Things have become more polarized in the five years since The Residence was published. Has that impacted the projects you choose these days?
It feels completely different today. Everybody now wants you to have an opinion. I always feel like, why does my opinion even matter? That’s where the journalism background comes in—you just want to tell interesting stories from different perspectives. That’s why my next book is not going to be about politics. It’s a biography about a woman who is not political. I think that’s healthier right now.
You are also working on your first novel…
I’m working on a novel because I’ve always wanted to do one. It’s about a fictional first lady, but it’s a bit dark. It’s so much fun to write fiction. But it’s also scary in a different way from writing nonfiction because you are making up these characters. The first time my book agent said the names of my characters it felt so strange. Before that, I’d only said them in my head.
You moved to D.C. in 2005 and Bethesda in 2013. What are your favorite hangouts—pre-pandemic and now?
I love how they’ve blocked Little Falls [Parkway] during the weekends. We taught our daughter how to ride a bike without training wheels in the spring there. It was something we had never gotten around to doing, and quarantine forced us to think of ways to fill the weekends at home. We used to go to Millie’s and Compass Coffee in Spring Valley, where I’d bring my laptop to work. I think I wrote the entire children’s book there. For date nights, my husband and I used to go to Woodmont Grill and eat at the bar. We still get takeout from [Kim’s] Yirasai every weekend it seems. Our kids love sushi.
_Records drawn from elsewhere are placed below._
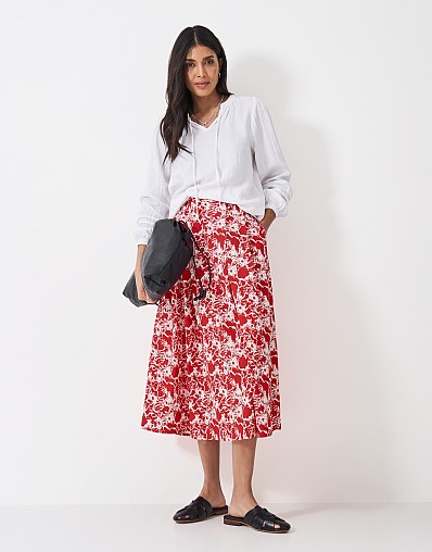 Introducing our Gabby cotton skirt in red abstract pop floral print. Designed in a flattering midi length, with darts for added shape and side pockets for functionality. The fullness of skirt creates plenty of movement, and looks great teamed with a pretty blouse tucked in. Alternatively, pair with a tee and jacket for a more paired-back look. Effortless.
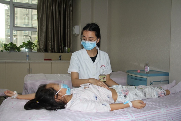 走進(jìn)小兒推拿中心,六張床位一字排開,在其中三張床位上,三個(gè)年齡不同的孩子正在接受推拿治療。
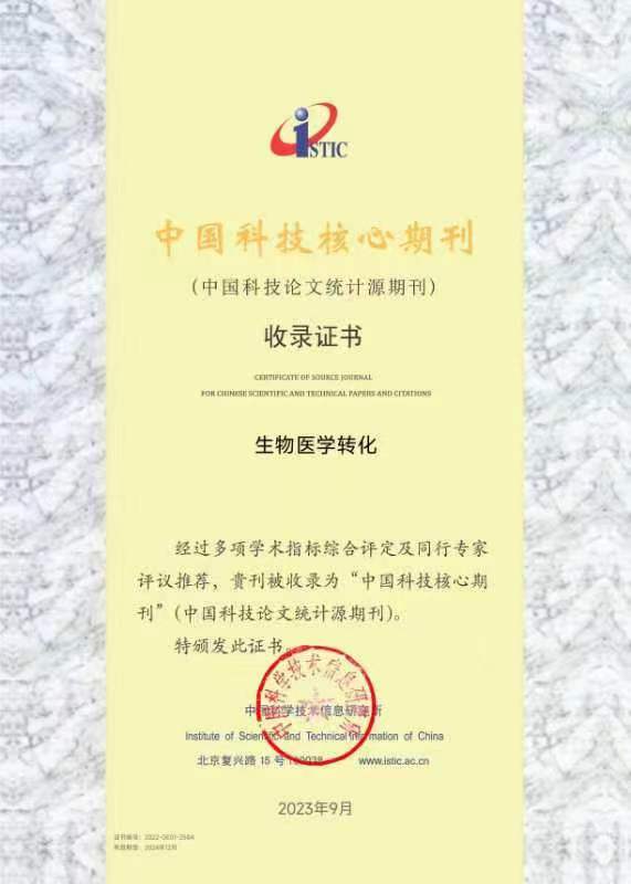入选中国科技核心期刊,标志着《生物医学转化》的学术质量与影响力均获得了高度认可。今后,编辑部将以此为契机,化荣誉为动力,进一步深化办刊能力和水平,争办一流期刊,为推动我国科技期刊发展贡献力量!

I’m addicted to their Inari and their soybean roll.
With your hectic schedule, do you ever get a chance to read?
I’ve been taking walks with a lot of moms in my neighborhood once or twice a week—the moms of other first and second graders. On my way to meet them, I listen to books on Audible. I just read The Vanishing Half [by Brit Bennett] and The Guest List, by Lucy Foley, that I liked. I also just reread My Turn by Nancy Reagan. It’s my favorite first lady memoir because Nancy Reagan takes everyone to task. It’s my favorite next to Michelle Obama’s Becoming.
When the pandemic is over and you can travel again, where is the first place you want to go?
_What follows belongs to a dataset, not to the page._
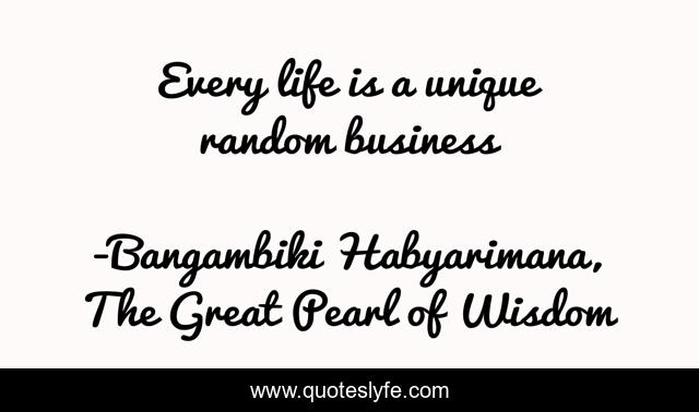 "Bangambiki Habyarimana, The Great Pearl of Wisdom Quotes." Quoteslyfe.com, 2025. Sat. 06 Dec. 2025. <https://www.quoteslyfe.com/quote/Every-life-is-a-unique-random-business-115945>.
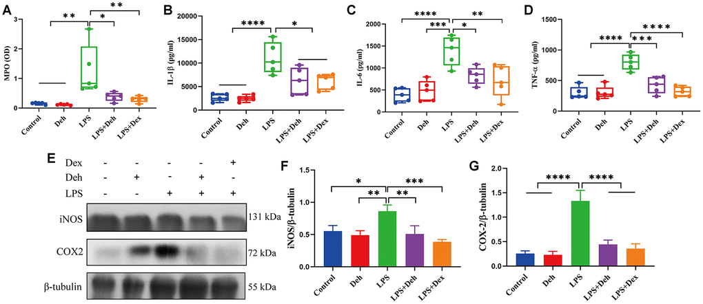 MPO, COX2, iNOS, IL-6, IL-1β and TNF-α are important indicators of inflammation. Our results showed that the MPO activity and the protein levels of COX2, iNOS, IL-6, IL-1β and TNF-α in the mammary glands of the LPS group were significantly higher than those in the LPS + Deh and LPS + Dex groups (Figure 2A–2G). This result indicates that Deh significantly reduces the inflammatory response of the mammary gland.

I would go to Paris with my kids. I keep talking with my daughter about how we’ll go to the Louvre and see the Mona Lisa and then we’ll go for baguettes. I’ve been showing her pictures of the glass pyramid—the I.M. Pei pyramid outside the Louvre—and she’s excited about that. I have a very romantic idea of taking a 7-year-old and an 8-year-old and a 2-year-old to Paris.
Amy Halpern is a journalist who has worked in print and television news, and as the associate producer of an Emmy award-winning documentary. She lives in Potomac.